__WHAT YOU SHOULD DO__
Using the listing below, give again exactly the lines from the line with "3D Kabartma Yapraklar ve Kuşlar Duvar Kağıdı" to the line with "Кекс получился очень", inclusive, without the pictures.
● ● ● ●
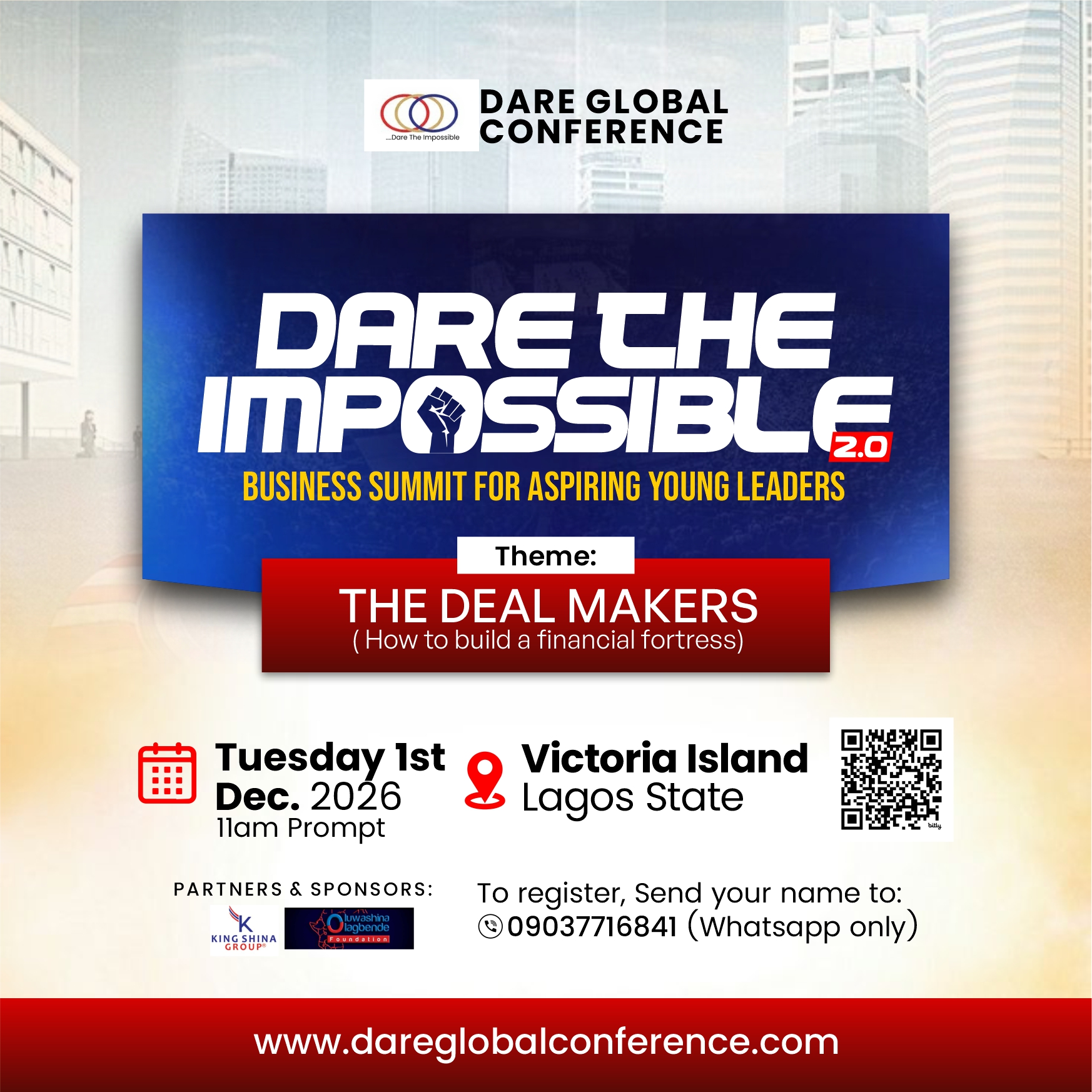 The Dare Global Conference presents a golden opportunity for young, aspiring business leaders to attend a business summit, especially those eager to break boundaries and shatter limits in the business and leadership arena. This event is designed to equip, empower, and elevate young business minds who are ready to revolutionize global practices.
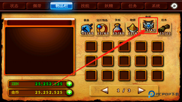 MISC,药品,其实很杂,回复药(POTION)、强化用的材料、精灵出来的符文石(RUNE)和技能石(SKILL STONE)都在这里
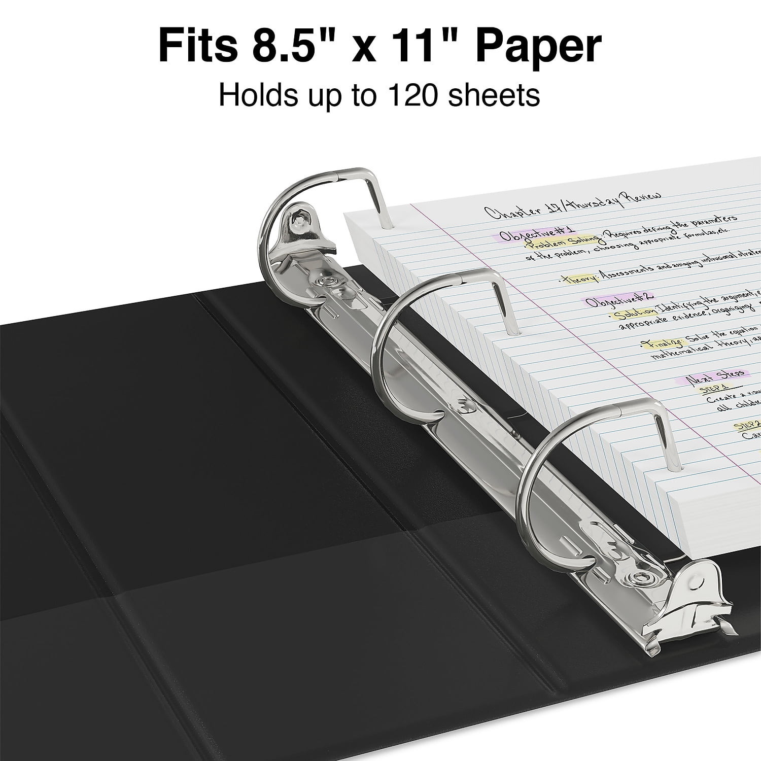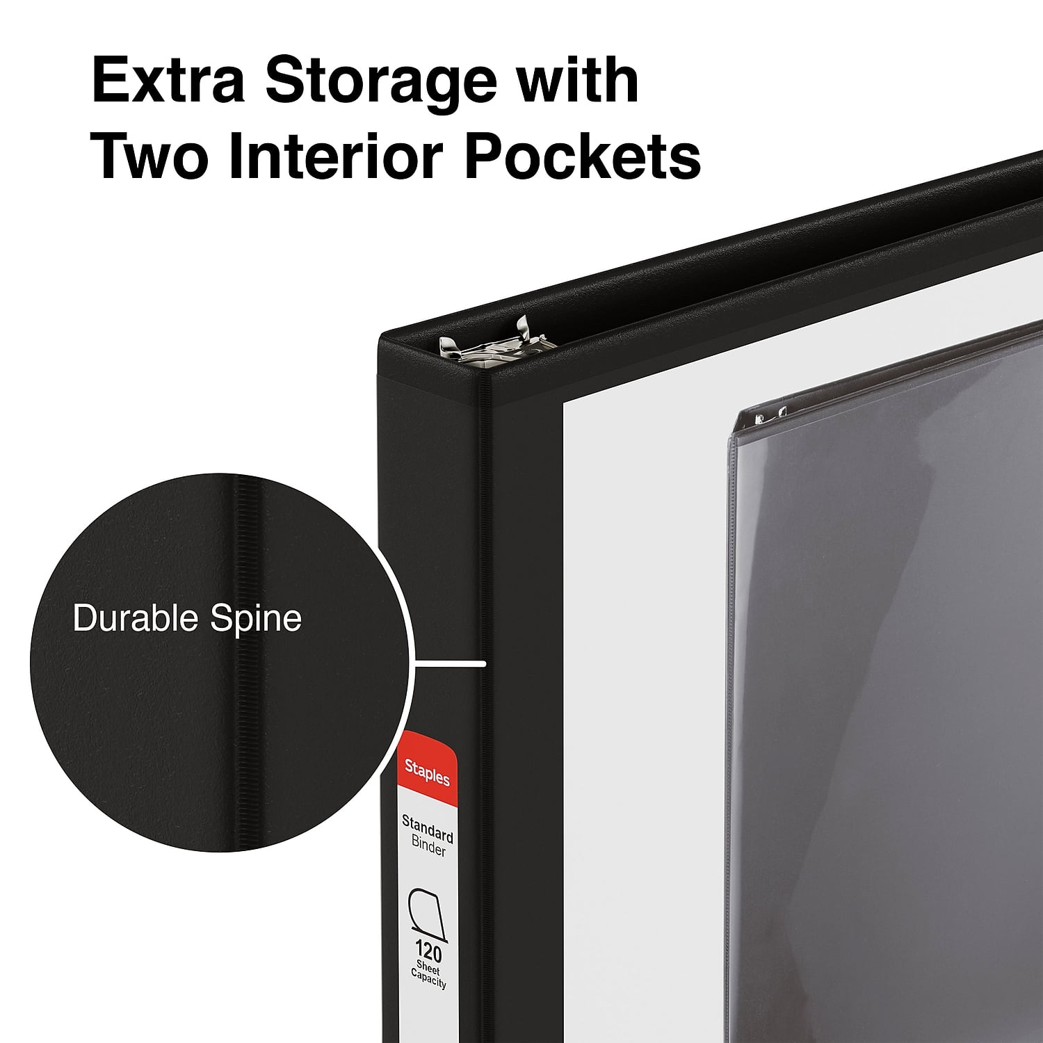 Keep documents secure and organized with this Staples Standard 120-sheet-capacity 1/2-inch D three-ring black view binder.Ensure documents are safe from spills and dirt with this black view binder. The D-rings let pages lie flat, so they are easy to read and write on, while the wide front and back panels keep standard dividers and sheet protectors covered. This Staples Standard view binder holds up to 120 pages and is nonstick, so ink and toner don’t smear. Black view binder is an excellent choice for storing spreadsheets and other wide papers. 1/2 inch binder. Three D-rings keep pages secure. Holds up to 120 sheets. Wide design accommodates letter-sized papers. Durable covers are made of plastic with nonstick surface. Two interior pockets for added organization. Insert a custom spine label for easy identification. PVC free – made from plastics using fewer harmful chemicals and with reduced emissions during manufacturing. Sold as 1 Each.
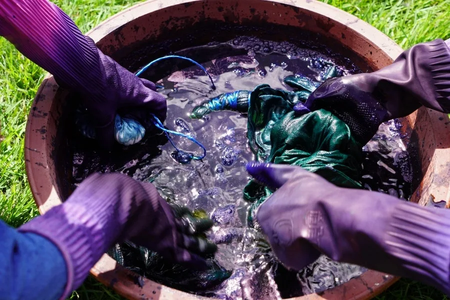 인디고블루보다도 더 짙은 감청색 염료 안에 셔츠를 넣어 주무르자 연둣빛부터 나타났다.
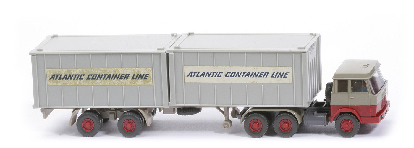 | Zugmaschine | Kabine oben | olivgrau | Kabine unten | hellbraunrot | Verglasung | getönt | Inneneinrichtung | 3 Sitze, ca. azurblau | Lenkrad | ohne | Chassis | basaltgrau | Radlauf hinten | olivgrau, einteilig | Sattelpfanne | für großen Königsbolzen | Reserverad | hinter Kabine | Räder | Profil grob | Felgen | hellbraunrot | | Container | Art | 2 x 20 ft gerippt | Farbe | platingrau | Beschriftung | Atlantic Container Line (s. Foto) | Beschriftung Art | 7 Felder, Papieraufkleber, glänzend | | Auflieger | Farbe | olivgrau | Unterfahrschutz | ohne | Königsbolzen | stark | Räder | Profil grob | Felgen | hellbraunrot |
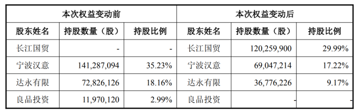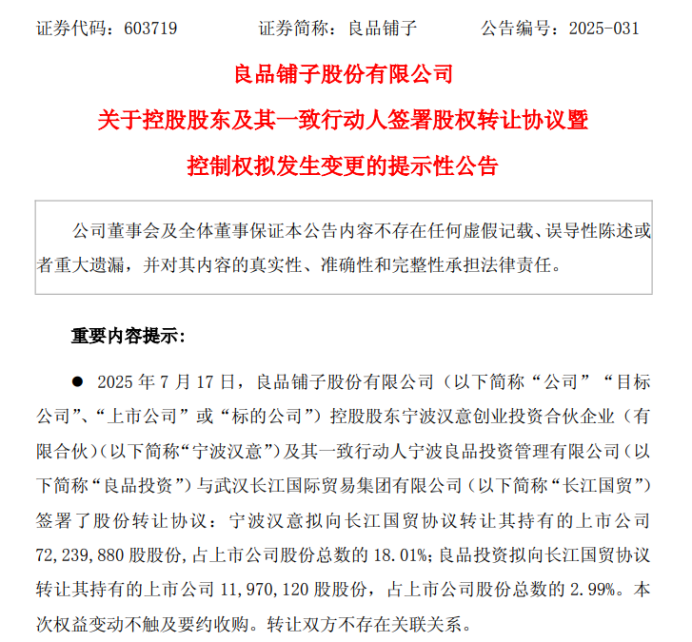 7月17日,良品铺子公告称,控股股东宁波汉意及其一致行动人宁波良品,拟以12.42元/股的价格,分别向长江国贸协议转让良品铺子7224万股及1197万股的股份,分别占据良品铺子总股本的18.01%和2.99%,总价10.46亿元。
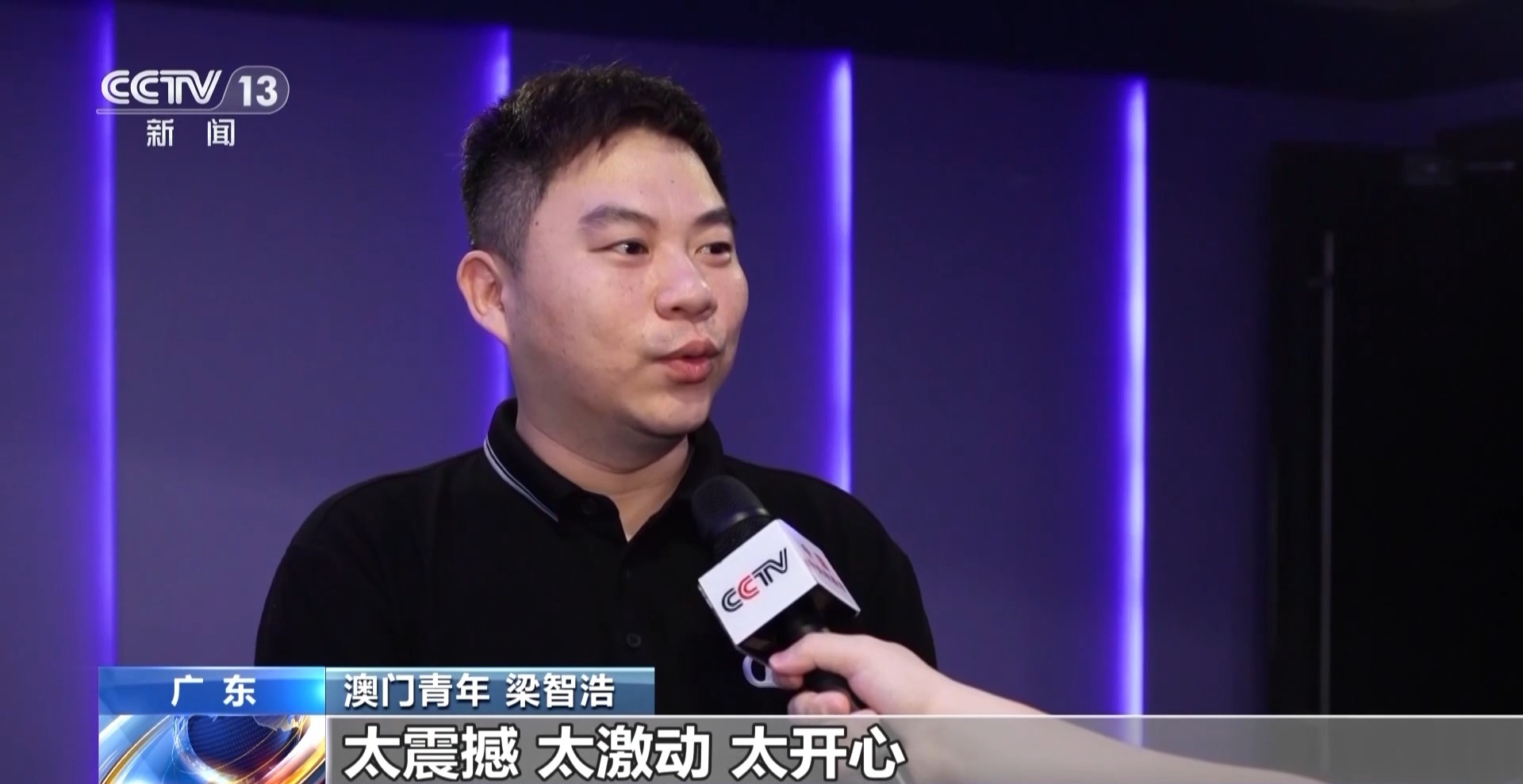 澳門青年 梁智浩:到電影院看閱兵,從來沒試過這么大的屏幕、這么多港澳青年人一起來看閱兵。我心情遲遲未能平復(fù),太震撼、太激動、太開心!
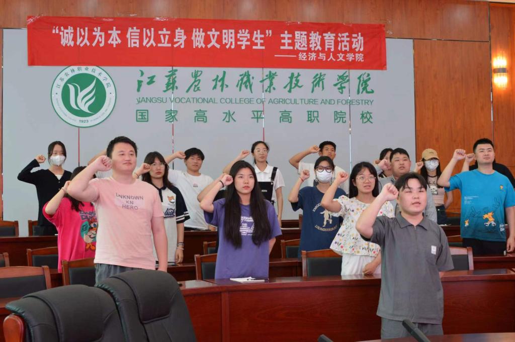 组织诚信宣誓。邀请办理生源地助学贷款学生代表、2023年度“江苏省优秀学生干部”20文秘梅克发同学进行领誓,现场同学们集体宣誓,并签订诚信还款承诺书,立下守信诺言。
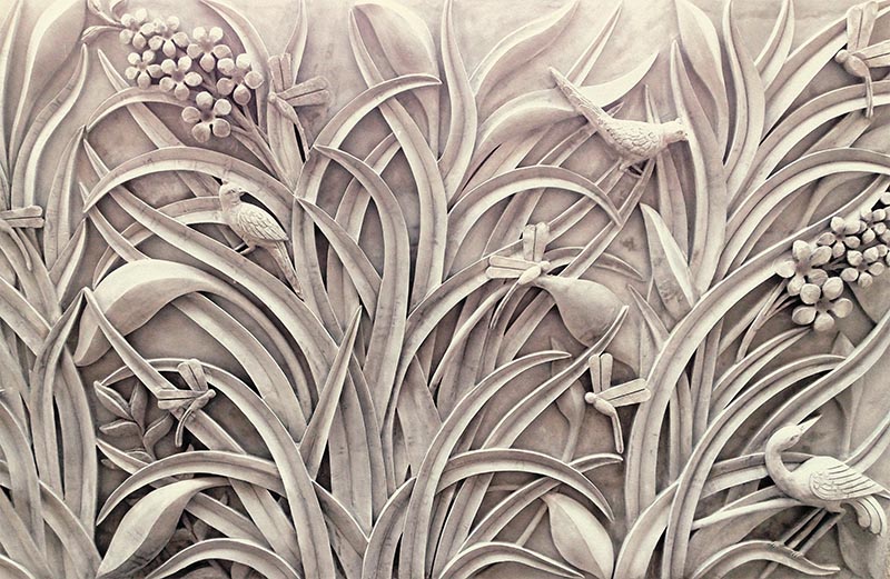 3D Kabartma Yapraklar ve Kuşlar Duvar Kağıdı
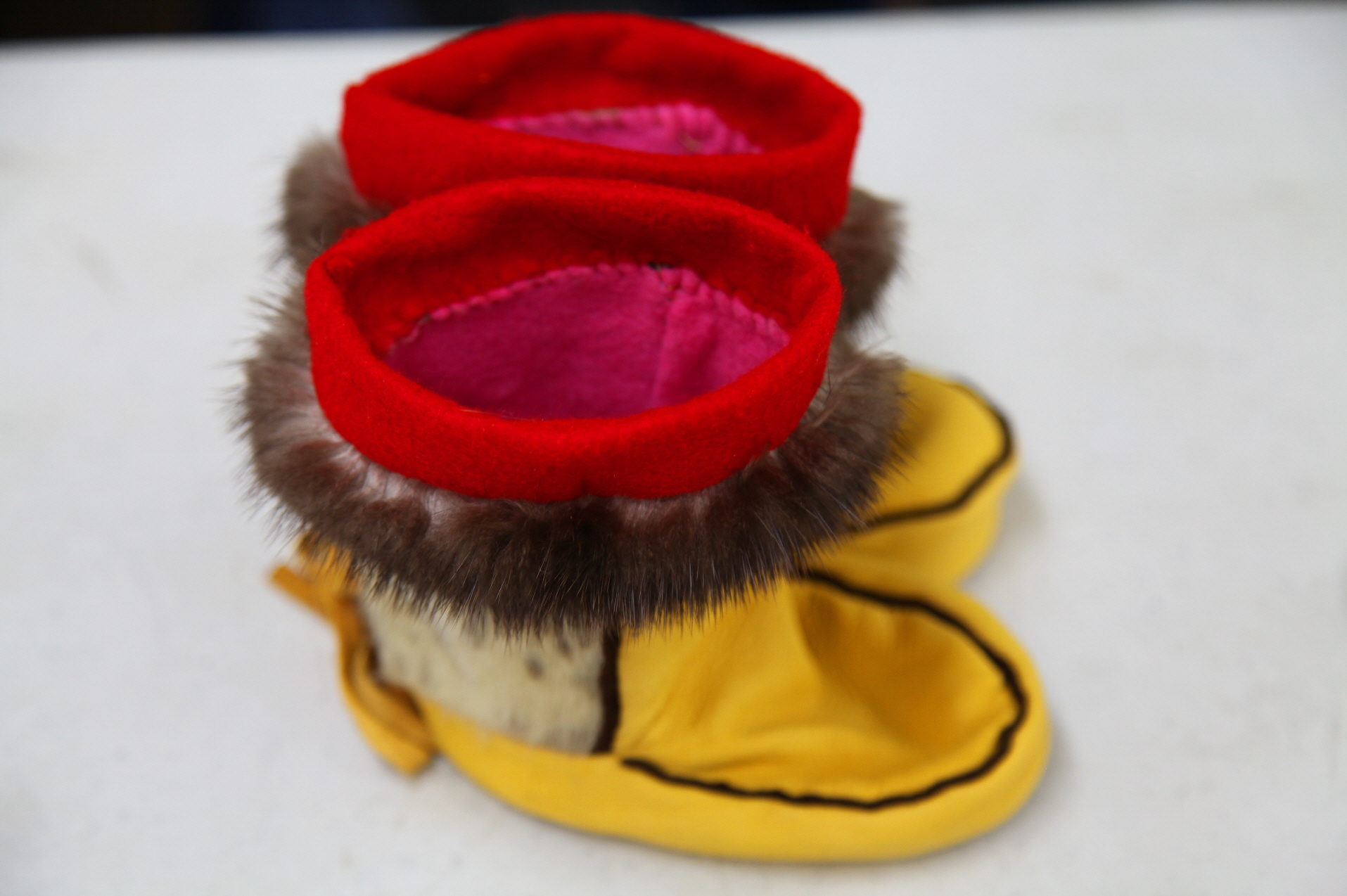 야생동물 가죽과 털로 만든 어린아이 신발입니다.
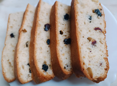 Кекс получился очень воздушный, пористый и мягкий внутри и хрустящий снаружи. Действительно отличается от бисквита (пеку довольно часто). Ну а сочетание изюма и кусочков фиников очень даже понравилось.
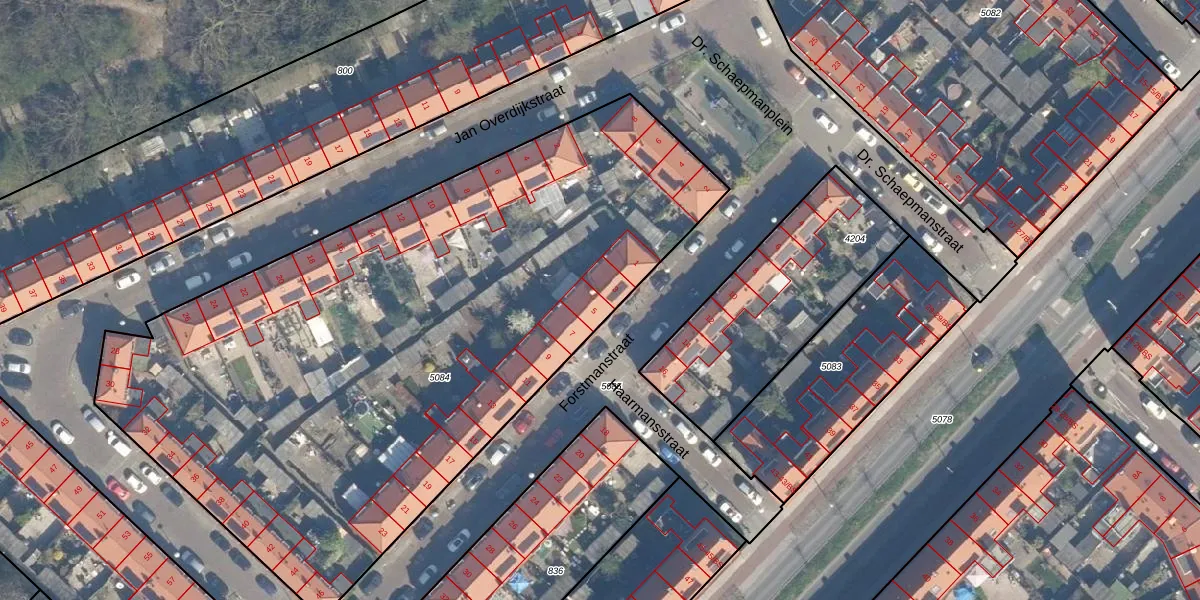 Het perceel waarop Forstmanstraat 5 staat heeft een oppervlakte van 4102 m². Dit is een zeer groot perceel. De perceeloppervlakte wordt geregistreerd door het Kadaster. Gedetailleerde informatie over de maten van dit perceel kunt u vinden in het rapport Kadastrale kaart met maatvoering van Forstmanstraat 5.
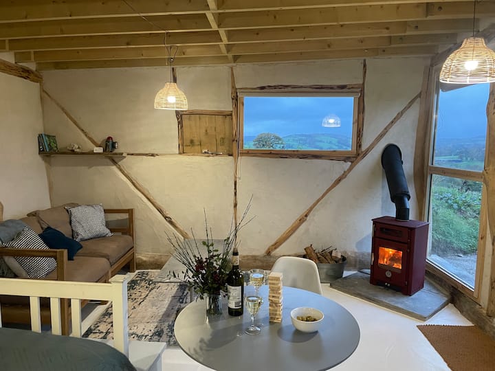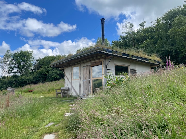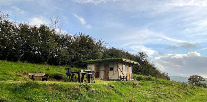 生态小屋,可欣赏草地、河流、树林和日落美景
● ● ● ●
__REPLY TO THE TASK__
 3D Kabartma Yapraklar ve Kuşlar Duvar Kağıdı
 야생동물 가죽과 털로 만든 어린아이 신발입니다.
 Кекс получился очень воздушный, пористый и мягкий внутри и хрустящий снаружи. Действительно отличается от бисквита (пеку довольно часто). Ну а сочетание изюма и кусочков фиников очень даже понравилось.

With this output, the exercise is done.